SAUWEN, Arnold


Ik ga met trager gang


Ik ga met trager gang, mijn stappen naêren

gewijde grond, waar stilte heerst en vrede,

Hier wacht me eens rust, mijn laatste legerstede,

naast allen die me op aarde dierbaar waren.

Het hoofd ontbloot, blijf ik lang ten gronde staren,

en toef en peins, bij ’t preevlen en een bede,

zal dra ook niet voor mij, die, schree voor schrede,

ten avond ga, de laatste morgen klaren?



De kranen


Over heiden, over venen,

drijvend in de hoge lucht,

Door de avondgloed beschenen,

trekt de wilde kranenvlucht.


Uit het koude Noord verdreven,

reppen ‘t machtig vleuglenpaar,

Wenden zij naar ‘t Zuid de steven,

Zweven over, schaar bij schaar.


Boven sluimerstille heide

waar geen voglenzang meer schalt;

waar het leven langzaam scheidde

en alleen het jachtroer knalt;


Waar, op zonneschijn gedragen

Zilvrig zicht de herfstdraad spant,

Klinkt een schreien, heimweeklagen,

Zuchten naar het verre land.


En de veeknaap, langs de hagen

neergehurkt bij ‘t sprokkelvuur,

houdt de blik omhoog geslagen

naar die zwervers in ‘t azuur.


En een vraag ligt in zijn ogen,

maar ‘t geheim verklaart er geen.

“Zeg, vanwaar komt gij gevlogen,

Kranen, zeg, waar vliegt gij heen?”


Maar langs hoge hemelbanen

pelgrims in hun grijze dracht,

trekken daar de wilde kranen

en verdwijnen in de nacht.


IV


En toch, mijn vrouw, ik kon het nauw geloven

dat gij daar neer laagt in de roerloosheid en

het marmerkille van uw vroeg verscheiden,

dat mij voor immer zou uw aanblik roven;


dat, als een avondvuurtje in najaarsweiden,

zo vonk voor vonk uw levensvlam ging doven,

nooit meer voor ons zou worden opgeschoven

het donker scherm, dat neerviel tussen beiden.

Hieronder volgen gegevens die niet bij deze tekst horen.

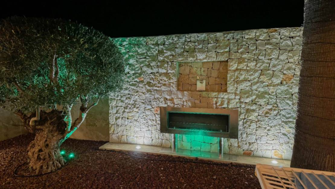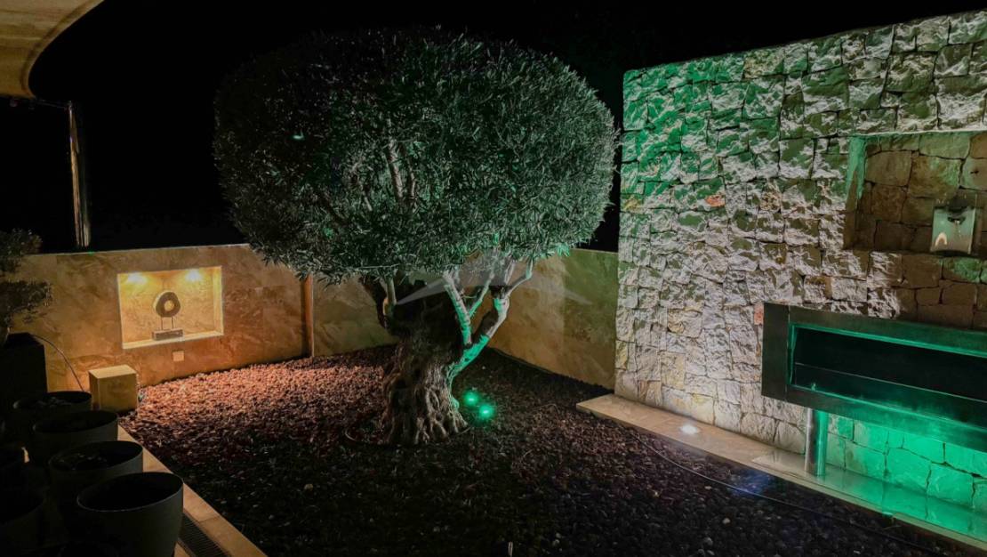 Ogród wyposażony jest w automatyczny system nawadniania, eleganckie oświetlenie i zewnętrzny kominek na paliwo płynne. Willa wyposażona jest również w 39 paneli słonecznych z bateriami (35 kWp/m), zapewniających niemal całkowitą autonomię energetyczną i pozwalających na utrzymanie temperatury wody w basenie na poziomie 25°C zimą.

En ‘k ben nog eens, nog eens tot u gekomen

om, eer gij mij voor immer werd ontnomen,

stom voor ’t mysterie van de dood te bukken


het smartenzware hoofd en, beeld van lijden,

u gans de weedom mijner ziel te wijden

en op uw voorhoofd d’afscheidkus te drukken.



Aan d’eigen dis


Aan d'eigen dis, waar gij eens waart gezeten,

zit ik alleen mijn avondbrood nu te eten,

in 't eenzaam huis, waar ik uw liefde kende.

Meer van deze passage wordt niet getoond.